ウサギとカメの物語 2



それからはいつも通りに仕事が始まった。


いつも通りと言っても、それはあくまで私たちだけ。
カメ男にとってはいつも通りじゃなかったらしい。
異動してきたイケメンくんに、ひと通り仕事を教えなければならない。
ひと通りと言ってもまずは基本的な計算業務、電話対応、雑用とか。
おそらくイケメンくんだって長町支店でそれなりにやっていたであろう仕事を、最初から教えなければならないのはカメ男にとってもイケメンくんにとっても若干面倒だと思う。


だけど本社に勤めるには本社のルールがあるわけで。
それを1からイケメンくんに教えるのはなかなかの骨折れ作業だ。


そして肝心の教えてもらう立場のイケメンくんは、私に勝るとも劣らないおしゃべりで。
さっきからカメ男のデスクからヘラヘラとした(ただし超絶かっこいい)イケメンくんの笑い声と雑談が聞こえていた。

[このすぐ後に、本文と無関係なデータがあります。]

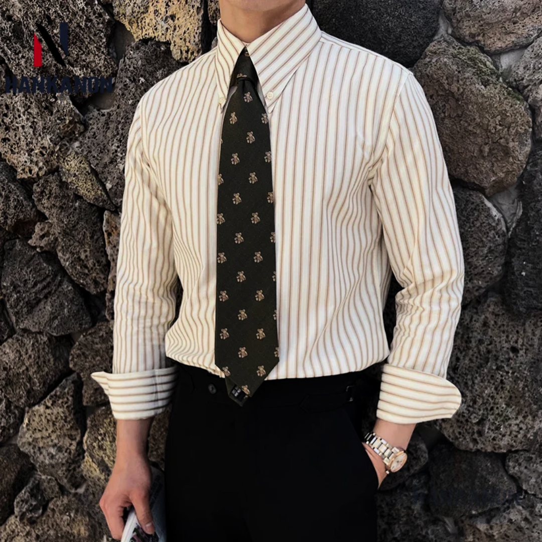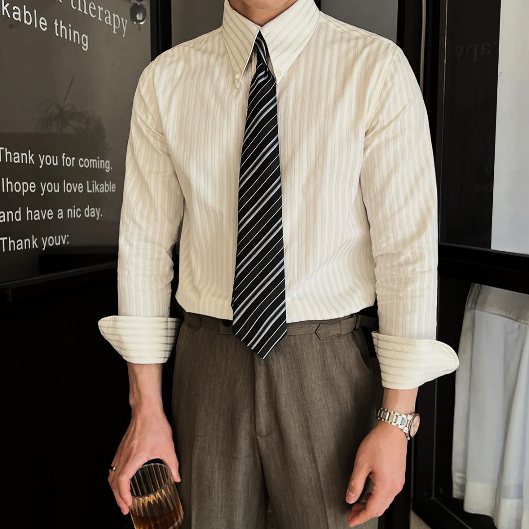 The shirt's impeccable tailoring ensures a flawless fit, while the classic button-down design, cuffed sleeves, and standard collar offer versatile styling options. Whether paired with a suit for the boardroom or dressed down with chinos for a relaxed evening, the Savoy Tailored Stripe elevates your confidence with its impeccable craftsmanship.

「えぇ?なに?須和く~ん、もっと声張ってくんなきゃ聞こえないよ~。何言ってるか全然分からな~い」

「あー、かったるいね~。ほんとは須和くんだってかったるいって思ってるでしょ~?お金を稼ぐって大変だよねぇ~。計算機叩いただけでお金が出たらラクなのにね~」

「ねぇねぇ、今度幼稚園の先生たちと合コンするんだけど、須和くんも一緒にどう?独身でしょ?」

「てゆーかさぁ、そのダッサいメガネ外した方が良くない?」

「そもそも須和くんって彼女いるの?」


だんだん際どい質問になってきて、私の方は気が気じゃなくてハラハラしながらヤツたちのデスクをチラッと見やる。

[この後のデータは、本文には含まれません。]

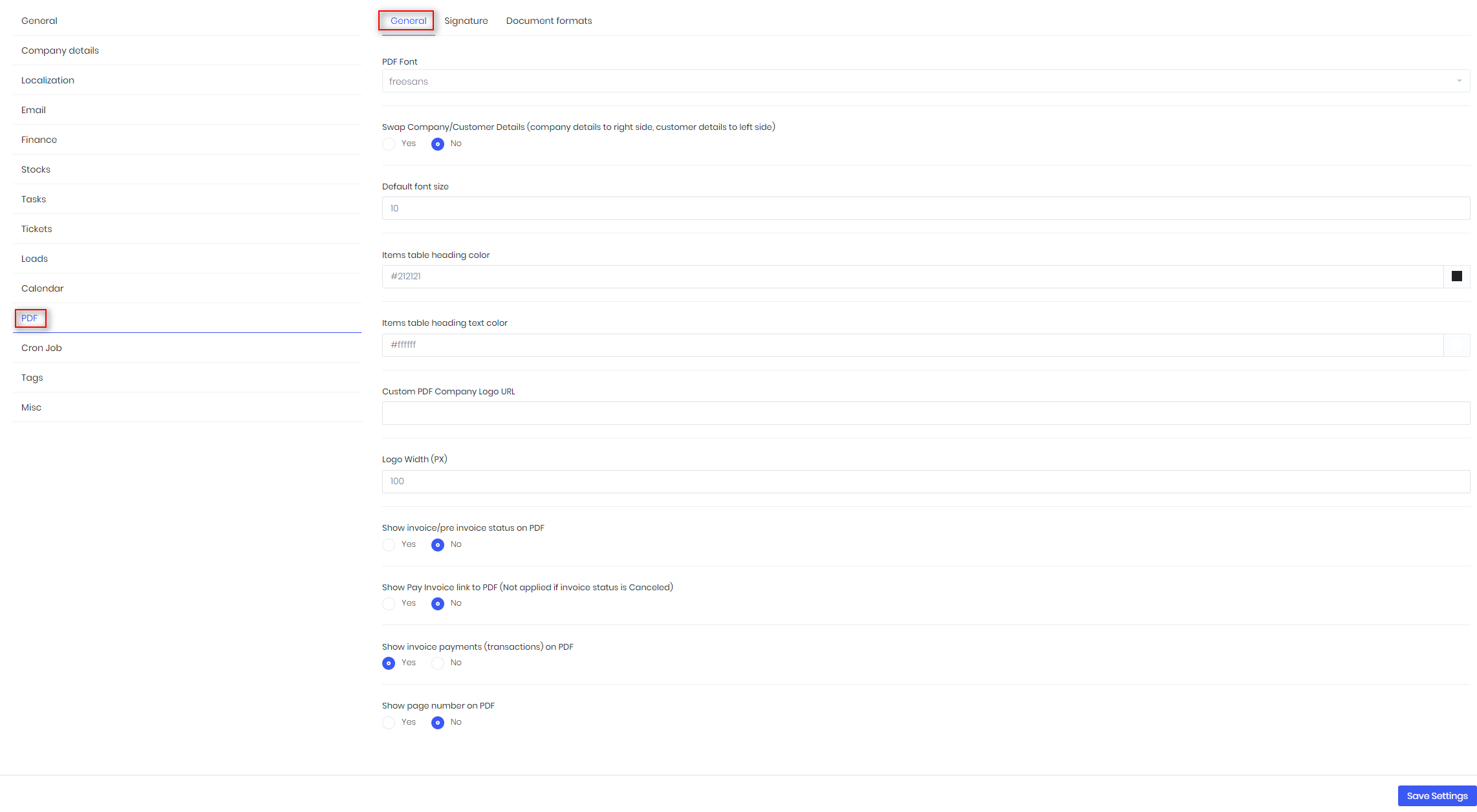 Setup -> Settings -> PDF are settings to indicate parameters for formatting PDF files.

迷惑そうに眉を寄せながら、おそらくイケメンくんの質問は華麗にスルーしているであろうカメ男。
それにめげることも無くグイグイ質問を投げかけるイケメンくん。
イケメンくんの声はガンガン聞こえてくるものの、カメ男のボソボソ話す声は私の耳までは届かなかった。


「最高にかっこいいけど、最強に強烈なキャラだわ……」


奈々のつぶやきに、私は間髪入れずにうなずく。
強烈なキャラと言えば総務課にいる同期の女、久住を思い出すけれど。
彼女とイケメンくん、どちらも相当な曲者だと思った。